Firstly please excuse if the following sounds a little dof, but I value the help and advice of members on this forum greatly. I am in UK for a while and purchased a Dripbox a couple of days ago. One thing I did not consider is that when I have used stock coils and need to rebuild I do not have a mod that is rated over 50w, and will not be able to read the 0.2ohm resistance that works like a charm on supplied coils.

My query is, am I correct in thinking purchasing a new regulated mod that is 60w or above (I already have this on list before returning to Swaziland) I should be able to build on stock Kanger atty and get ohms reading from new mod? Or do you guys suggest I go for a dedicated Ohms reader?

The Dripbox is my first non-regulated device so just want to proceed with caution, I would certainly not guess at the resistance of my coils if they can not be read. 

Big thank you in advance.


----------



## Stevape;) (18/6/16)

New mod will work but you can also use something like steam engine site to work out as safe build.
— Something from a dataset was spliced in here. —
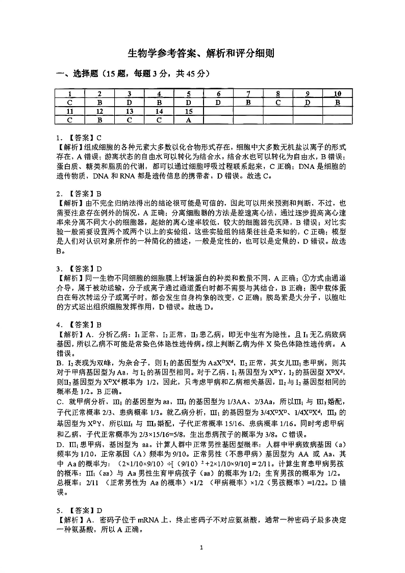 高三生物答案--安徽省江南十校2026届高三下学期3月开学考试

Just make sure your coils are not touching the sides of the atty.
Cant remember if the dripbox has a built in safety for that

Reactions: Thanks 1


----------



## Andre (18/6/16)

The only advantage of a dedicated resistance reader is a nice and stable base to build on, but you can easily go without and just use the mod to test resistance. Good idea is to test the mod in store to see how accurate the resistance reading is so you can do the maths when at home. They should have a dedicated resistance meter or similar in the store for you to use for this exercise.

Reactions: Agree 2 | Thanks 1


----------



## NewOobY (19/6/16)

i would get an ohm reader its cheaper than a mod - but hey if cash is not a problem then get a mod  ez pz, I'm sure the dripbox changed ur life - i know it changed mine.

Reactions: Thanks 1


----------



## Neal (19/6/16)

NewOobY said:


> i would get an ohm reader its cheaper than a mod - but hey if cash is not a problem then get a mod  ez pz, I'm sure the dripbox changed ur life - i know it changed mine.
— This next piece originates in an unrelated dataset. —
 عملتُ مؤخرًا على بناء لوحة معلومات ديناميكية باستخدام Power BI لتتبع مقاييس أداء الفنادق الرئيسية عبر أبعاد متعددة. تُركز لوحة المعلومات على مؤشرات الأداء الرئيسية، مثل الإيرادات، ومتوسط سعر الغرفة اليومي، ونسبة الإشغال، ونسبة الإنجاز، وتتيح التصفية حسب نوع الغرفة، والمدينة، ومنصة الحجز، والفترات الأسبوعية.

Hey @NewOobY, yeah mate love the dripbox. I had already had my eye on a Snow wolf mini 90 before arriving in UK so will pull the trigger this week. Love to support our local vendors, but having the opportunity to see and handle various hardware is a real pleasure, my nearest vendor when I am back in Swaziland is 400km away.

Reactions: Like 1


----------



## PsyCLown (19/6/16)

Would a multimeter not work as well for checking the resistance of a coil?
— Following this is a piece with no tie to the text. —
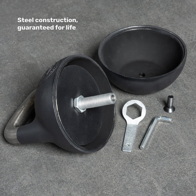 IMPORTANT: The Adjustable Kettlebell is a fantastic tool, but it is not recommended when a fast transition of sizes is needed since changing the weights takes 1-2 minutes. If you need two different weights for swings and overhead work, we recommend getting two adjustable kettlebells — you save 10% when you buy a pair.

May not be the easiest, but it should work? Cheaper too!


Also why not consider something bigger than 90W? Perhaps something with dual 18650's if you have the opportunity to get it a bit cheaper perhaps?
Even if you do not use the power, the dual batteries will give you better battery life

Reactions: Like 1


----------



## Raslin (19/6/16)

Dedicated ohm reader is a the must in my book. Safety first.

Reactions: Like 2


----------



## Neal (19/6/16)

PsyCLown said:


> Would a multimeter not work as well for checking the resistance of a coil?
> 
> May not be the easiest, but it should work? Cheaper too!
> 
> ...



Mate, had an Istick 100w and did not like the bulk, but battery life better as you say. Will consider more powerful mod but to be hones I don' vape over 30w with my sub tank minis. Thanks for suggestions brother.


----------



## Neal (19/6/16)

Raslin said:


> Dedicated ohm reader is a the must in my book. Safety first.



To be honest that was my initial thought too. As a new mod was on my list originally, I think I may also add an ohms reader. Safety first as you rightly say. I teach guitar, which may be difficult with a couple of fingers missing. Thanks for your response mate.

Reactions: Like 1


----------



## Rob Fisher (19/6/16)

A mod is just fine to read resistance... especially when vaping in you range... but I must say when I bought my Coil Master 521 I thought it would be a 7 days wonder and be relegated to the vape shelf in no time at all... however the 521 is still right next to me and gets used all the time.

Reactions: Like 2 | Thanks 1


----------